• **What is being asked**:
Leaving out all pictures, transcribe the lines below exactly, from the first through the line containing "Teacher Training programme at DSC T".

Extracted data entries
************

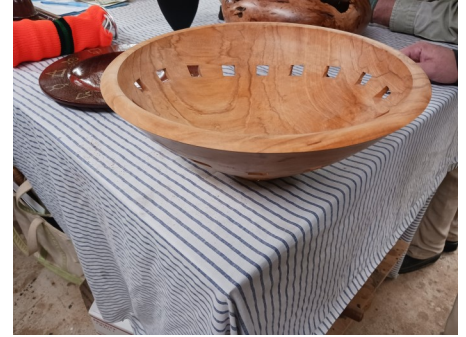
Some shots from the show and tell table
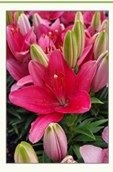
Tiny® Toons Asiatic Lily flowers

Height: 14 inches Spread: 12 inches Spacing: 10 inches Sunlight: ○ ● Hardiness Zone: 3a Group/Class: Dwarf Asiatic Description:
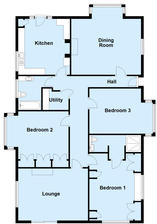
Total area: approx. 152.9 sq. metres (1646.2 sq. feet) This plan is for general layout guidance and may not be to scale. Plan produced using PlanUp.

Approx. 152.9 sq. metres (1646.2 sq. feet
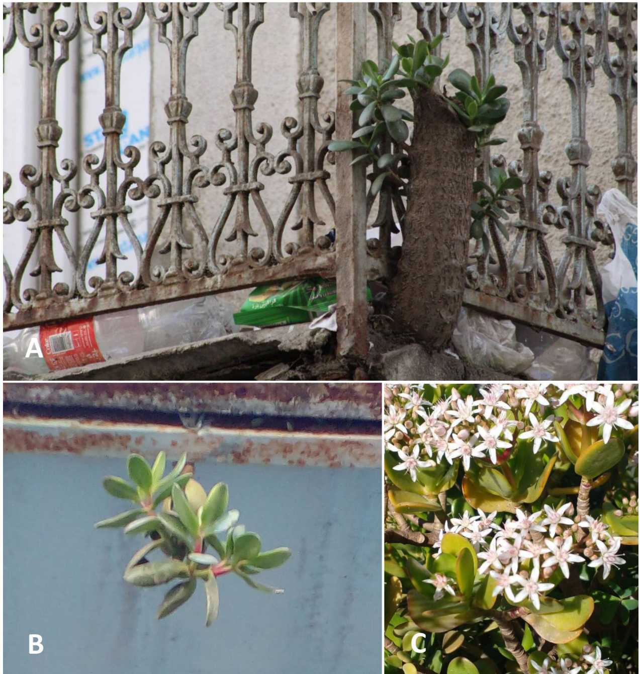
Figure 3. Crassula ovata in urban habitat at Skikda city (northeastern Algeria): on balcony, 19 May 2022 (A), on metal roof, 01 June 2022 (B), flowers of individual on balcony, 21 January 2023 (C).

19.05.2022 and 15.02.2023. On 25.04.2022, another individual was found at Bachir Boukadoum Avenue growing in the gutter of an old house (Table 1, individual no 4).
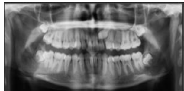
Figure 3. Impaction of left maxillary canine

was the most frequent missing teeth, followed by maxillary permanent lateral incisor. Maxillary canines and mandibular second premolars were the most incident impacted teeth. Supernumerary tooth was the next common anomaly with the incidence rate of 6.6%. Out of the 22 supernumerary teeth, mesiodens was the most common supernumerary tooth detected among 8 men and 3 women with the ratio of 2:1.
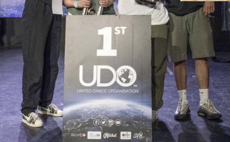
1 ST UDO UNITED DANCE ORGANISATION
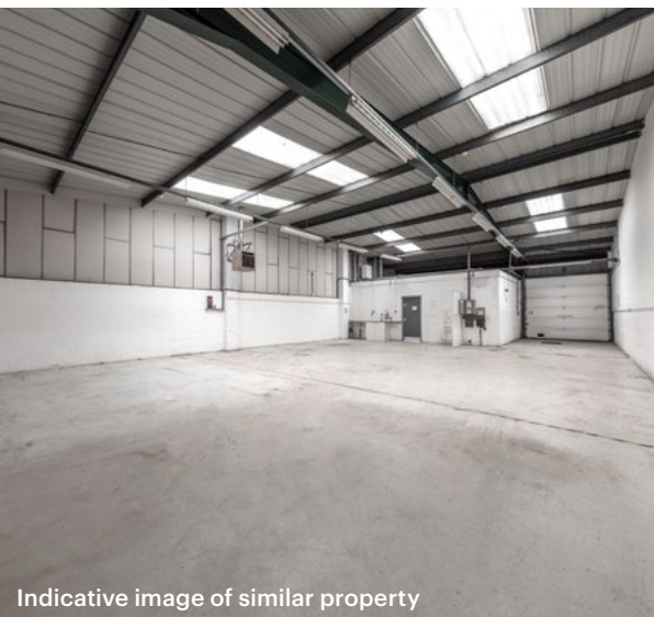
Indicative image of similar property
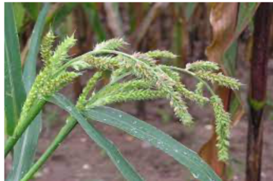
Figure 9. Echinochloa sp.

Dactyloctenium aegyptium , also known as Crowsfoot grass, is a species of grass native to warm climates around the world, including Asia, Africa, America and Australia. This species usually thrives in dry, infertile soils such as clay, sand, and rocky soil. This grass is known as a grass species that is highly adaptive and tolerant of various environmental conditions, such as extreme temperatures, drought, and infertile soil conditions (Koura et al., 2022). This species grows rapidly and has the ability to spread aggressively via seeds and stolons.
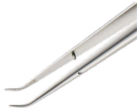
0.3 mm 45° Tying Forceps
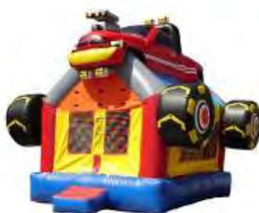
Monster Truck Bounce House Daily: $120.00 Weekend: $150.00
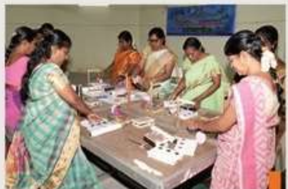
Teacher Training programme at DSC T
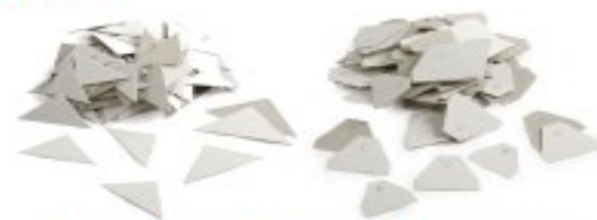
cardboard triangles and hexagons to strengthen the chassis and hold the axle
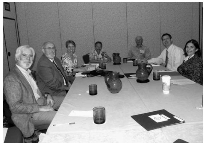
Private Practice Committee: Embraces an opportunity to rub minds and shoulders with colleagues.
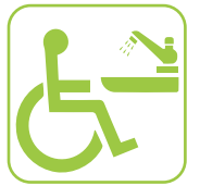
High Wash Basin
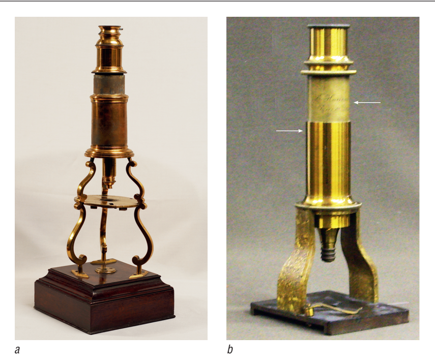
Fig. 2.1. Culpeper-Style microscope from the museum of the Department of Surgery of the S.M. Kirov Military Medical Academy (a); a simple microscope designed by the German optician E. Gartnak exhibiting in the museum at the Department of Histology with a course of embryology at S.M. Kirov Military Medical Academy (the 1830s–1840s). The inscription on the tube says: E. Hartnach Paris & Potsdam (upper arrow); the focusing is reached through direct movement of the tube (lower arrow) (b)

Imperor Peter the Great was the first to bring the microscope to Russia from Holland. Later, the St. Petersburg Academy of Sciences opened a mechanical workshop for producing microscopes and, in 1725, employed I.P. Kulibin and I.I. Belyaev. Russian scientist and naturalist M.V. Lomonosov (1711–1765), regarded as a founder of national science, made a great contribution to the development of microscopy in Russia by proposing a number of technical improvements to the construction and optical system of the microscope.

************

• **Response to this task**:
Some shots from the show and tell table
Tiny® Toons Asiatic Lily flowers

Height: 14 inches Spread: 12 inches Spacing: 10 inches Sunlight: ○ ● Hardiness Zone: 3a Group/Class: Dwarf Asiatic Description:
Total area: approx. 152.9 sq. metres (1646.2 sq. feet) This plan is for general layout guidance and may not be to scale. Plan produced using PlanUp.

Approx. 152.9 sq. metres (1646.2 sq. feet
Figure 3. Crassula ovata in urban habitat at Skikda city (northeastern Algeria): on balcony, 19 May 2022 (A), on metal roof, 01 June 2022 (B), flowers of individual on balcony, 21 January 2023 (C).

19.05.2022 and 15.02.2023. On 25.04.2022, another individual was found at Bachir Boukadoum Avenue growing in the gutter of an old house (Table 1, individual no 4).
Figure 3. Impaction of left maxillary canine

was the most frequent missing teeth, followed by maxillary permanent lateral incisor. Maxillary canines and mandibular second premolars were the most incident impacted teeth. Supernumerary tooth was the next common anomaly with the incidence rate of 6.6%. Out of the 22 supernumerary teeth, mesiodens was the most common supernumerary tooth detected among 8 men and 3 women with the ratio of 2:1.
1 ST UDO UNITED DANCE ORGANISATION
Indicative image of similar property
Figure 9. Echinochloa sp.

Dactyloctenium aegyptium , also known as Crowsfoot grass, is a species of grass native to warm climates around the world, including Asia, Africa, America and Australia. This species usually thrives in dry, infertile soils such as clay, sand, and rocky soil. This grass is known as a grass species that is highly adaptive and tolerant of various environmental conditions, such as extreme temperatures, drought, and infertile soil conditions (Koura et al., 2022). This species grows rapidly and has the ability to spread aggressively via seeds and stolons.
0.3 mm 45° Tying Forceps
Monster Truck Bounce House Daily: $120.00 Weekend: $150.00
Teacher Training programme at DSC T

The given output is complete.